Problem details:
Check every line below for the word "Хилендар" and copy the ones that have it.

The data:
·····

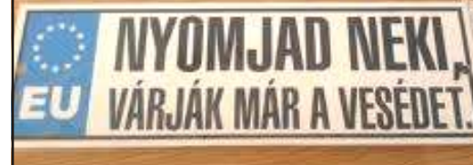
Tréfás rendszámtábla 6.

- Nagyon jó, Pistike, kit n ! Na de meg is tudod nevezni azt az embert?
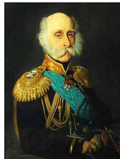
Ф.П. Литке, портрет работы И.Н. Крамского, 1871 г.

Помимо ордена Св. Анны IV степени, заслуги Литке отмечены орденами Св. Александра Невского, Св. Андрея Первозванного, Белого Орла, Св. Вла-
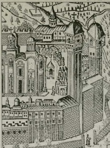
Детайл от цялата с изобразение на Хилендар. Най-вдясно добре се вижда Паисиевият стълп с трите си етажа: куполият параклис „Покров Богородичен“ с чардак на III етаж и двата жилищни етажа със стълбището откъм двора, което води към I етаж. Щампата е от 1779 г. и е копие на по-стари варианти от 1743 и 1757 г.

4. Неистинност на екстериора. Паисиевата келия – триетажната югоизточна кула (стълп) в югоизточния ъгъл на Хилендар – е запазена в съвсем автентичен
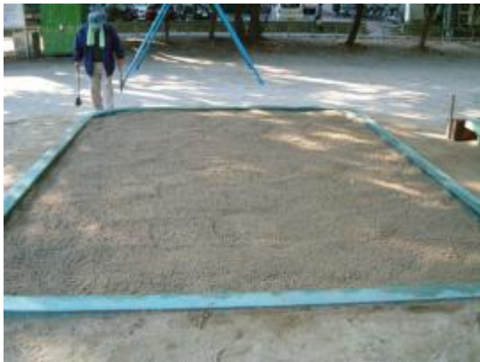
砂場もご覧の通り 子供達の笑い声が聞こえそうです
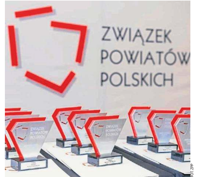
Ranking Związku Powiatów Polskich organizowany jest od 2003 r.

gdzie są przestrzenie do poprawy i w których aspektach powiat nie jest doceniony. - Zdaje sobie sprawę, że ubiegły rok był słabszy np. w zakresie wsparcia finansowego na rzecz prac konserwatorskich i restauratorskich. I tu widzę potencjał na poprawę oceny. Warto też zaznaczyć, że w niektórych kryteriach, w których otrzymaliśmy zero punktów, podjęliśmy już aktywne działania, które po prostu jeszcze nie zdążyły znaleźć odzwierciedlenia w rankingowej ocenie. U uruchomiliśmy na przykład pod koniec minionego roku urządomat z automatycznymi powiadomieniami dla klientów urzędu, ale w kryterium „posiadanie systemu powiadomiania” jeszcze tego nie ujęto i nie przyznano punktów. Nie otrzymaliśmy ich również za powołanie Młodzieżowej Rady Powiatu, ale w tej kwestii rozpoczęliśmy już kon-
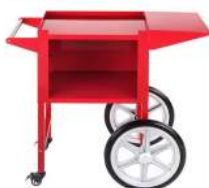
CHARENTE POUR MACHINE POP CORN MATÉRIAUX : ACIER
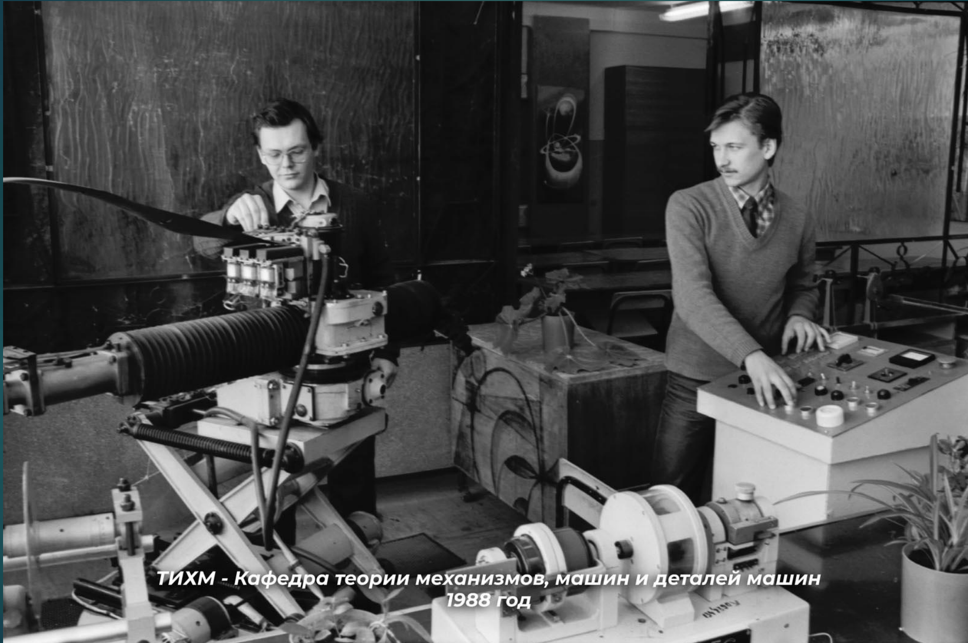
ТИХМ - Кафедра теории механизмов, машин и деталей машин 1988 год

·····

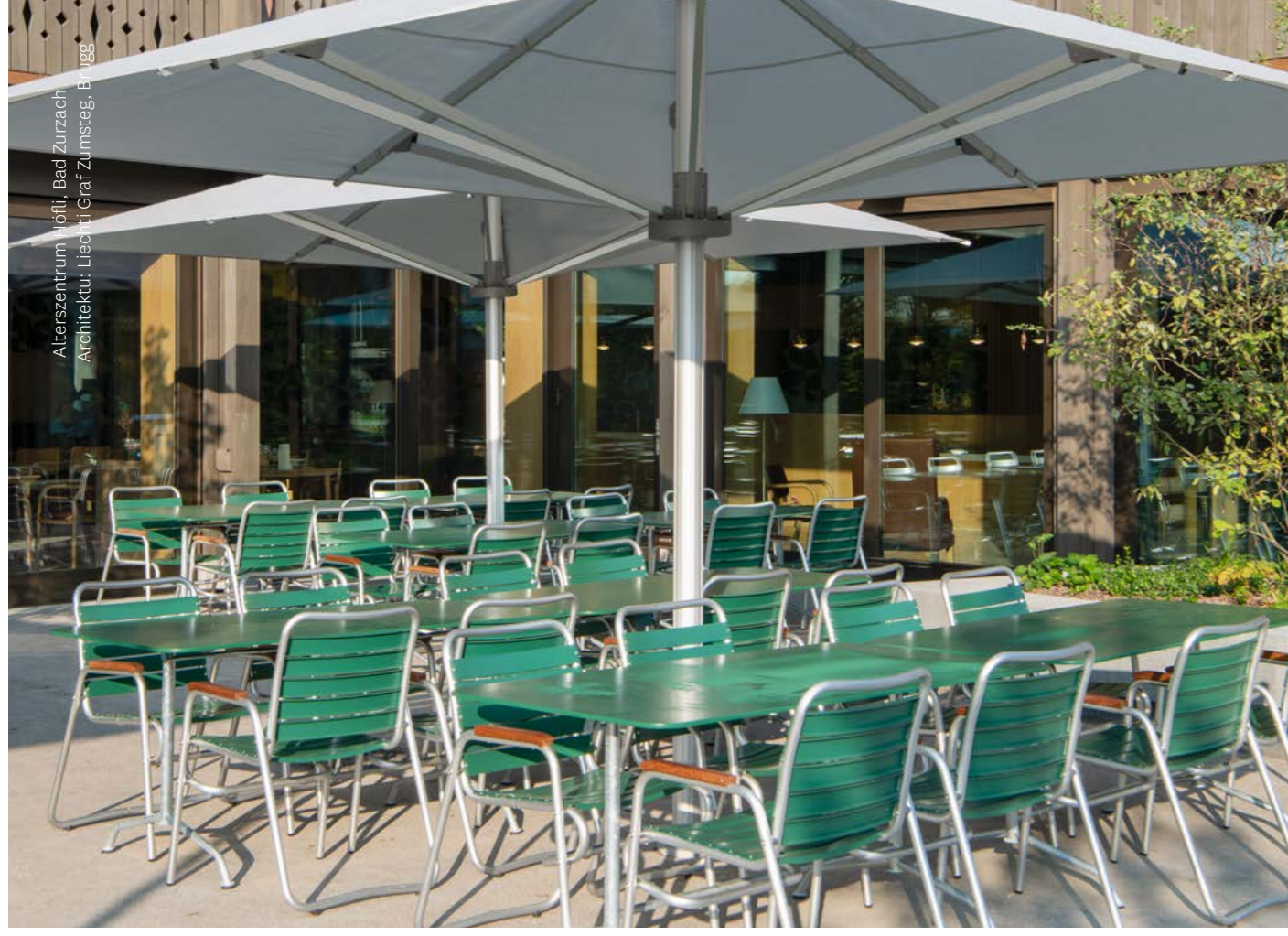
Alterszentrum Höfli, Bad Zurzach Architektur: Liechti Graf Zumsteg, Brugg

·····

Solution to the exercise:
Детайл от цялата с изобразение на Хилендар. Най-вдясно добре се вижда Паисиевият стълп с трите си етажа: куполият параклис „Покров Богородичен“ с чардак на III етаж и двата жилищни етажа със стълбището откъм двора, което води към I етаж. Щампата е от 1779 г. и е копие на по-стари варианти от 1743 и 1757 г.
4. Неистинност на екстериора. Паисиевата келия – триетажната югоизточна кула (стълп) в югоизточния ъгъл на Хилендар – е запазена в съвсем автентичен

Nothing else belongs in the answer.